World prices are particularly affected by the supply of MOP and SOP from these markets, which produce about 76 per cent of the world’s potash.

The global MOP price is currently at last April’s price. MOP is at a price point of $US265.50 ($384.37) a tonne after starting 2019 at $US215. SOP is about $US550 a tonne.

 

Aussie contenders

Potash explorers on the ASX have their fingers crossed for 2020.

Stockhead reported back in mid-October last year that the average loss for small cap stocks in the prior 12 months was 10 per cent.

These days there are about 17 potash stocks on the ASX followed by small and mid-cap investors.

The list includes Pilbara-based developer Kalium Lakes (ASX:KLL), salt lake developers Salt Lake Potash (ASX:SO4) and Australian Potash (ASX:APC), and Parkway Minerals (ASX:PWN).

Kalium has made a final investment decision on its $606m Beyondie SOP project in the Pilbara and last month it told investors it expected to commission its mine by the end of 2020.
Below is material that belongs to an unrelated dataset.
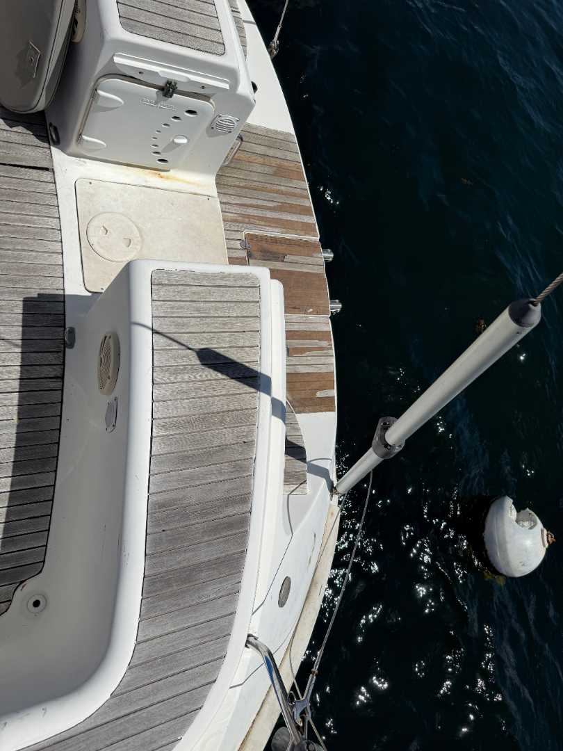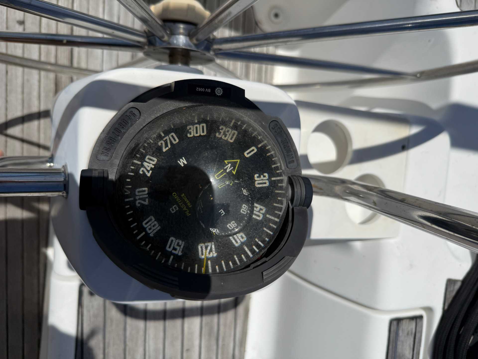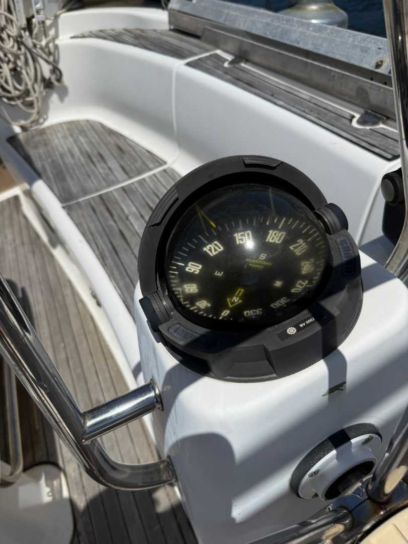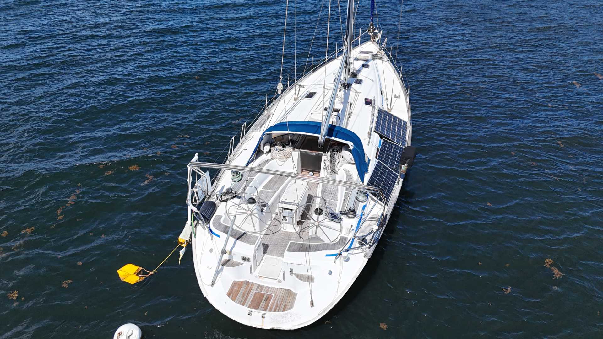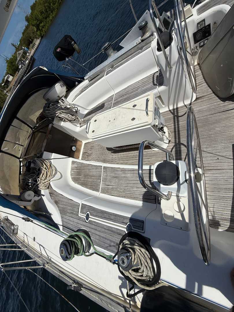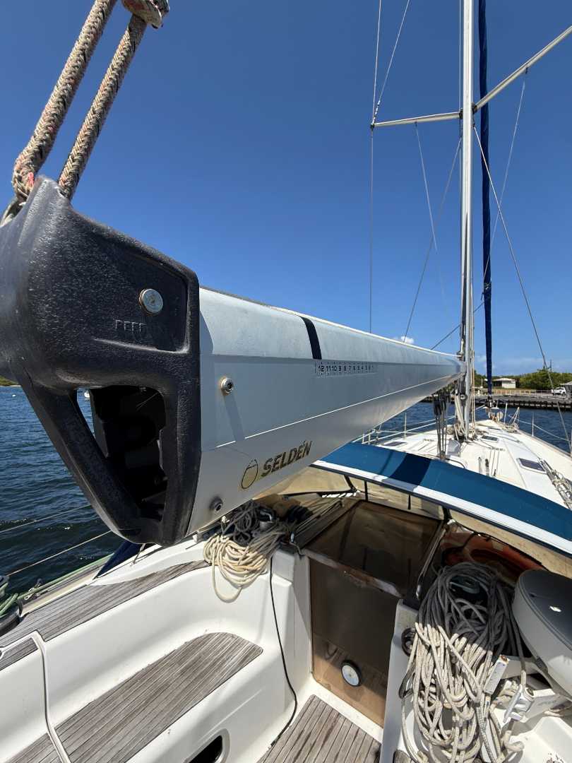 The yacht is a fractional‑rig sloop with a Selden anodized‑aluminum mast and Furlex headsail furler. She has a furling mainsail and furling genoa; both sails were replaced recently, and the boat is reported to have a new tender. Deck hardware includes Harken self‑tailing winches, a Lofrans Tigress windlass and ground tackle comprising Delta, Barnacle and Danforth anchors. Twin helm stations and a teak‑soled cockpit are protected by a bimini and spray‑dodger; a walk‑through transom with swim ladder makes boarding easy.

The West Australian company hopes to become Australia’s first SOP producer.

The $202m developer aims to initially supply 90,000 tonnes of potash to market and eventually double production.

Kalium is expecting to update to its resource and reserve estimates to include new discoveries at 10 Mile West and Sunshine Lake.

 

Salt lakes a focus

Fellow West Australians Salt Lake and Australian Potash also have ambitions as developers.

Both have completed feasibility studies and hope to make the jump to producer.

Salt Lake already has $US150m in debt finance from Taurus Funds Management for its Goldfields Salt Lakes project.

The $223m company  put out a bankable feasibility study for its project last October that valued the project near Wiluna at $479m.

Australian Potash owns the 30-year Lake Wells project for which it released a definitive feasibility study for the project last August that valued it at $665m.

It hopes to start production 12 months after a final investment decision and eventually produce 4.5 million tonnes of high-grade SOP for $3.1 billion of free cash flow.

Australian Potash has a market value of less than 20 per cent of Kalium’s and Salt Lakes’ respective $202m and $223m market caps and is sitting around $37m.

A number of other companies have projects outside Australia, like $188m company Danakali (ASX:DNK), which has the long-play Colluli potash project in Eritrea.

But not all Australian companies with potash assets are choosing to develop them.

Among those with assets on the shelf is BHP Billiton (ASX:BHP).

The $118 billion company decided in 2017 to hold out for a better “market window” for its 4-million-tonne-a-year Jansen potash project in Saskatchewan, Canada.

At Stockhead, we tell it like it is. While Parkway Minerals is a Stockhead advertiser, it did not sponsor this article.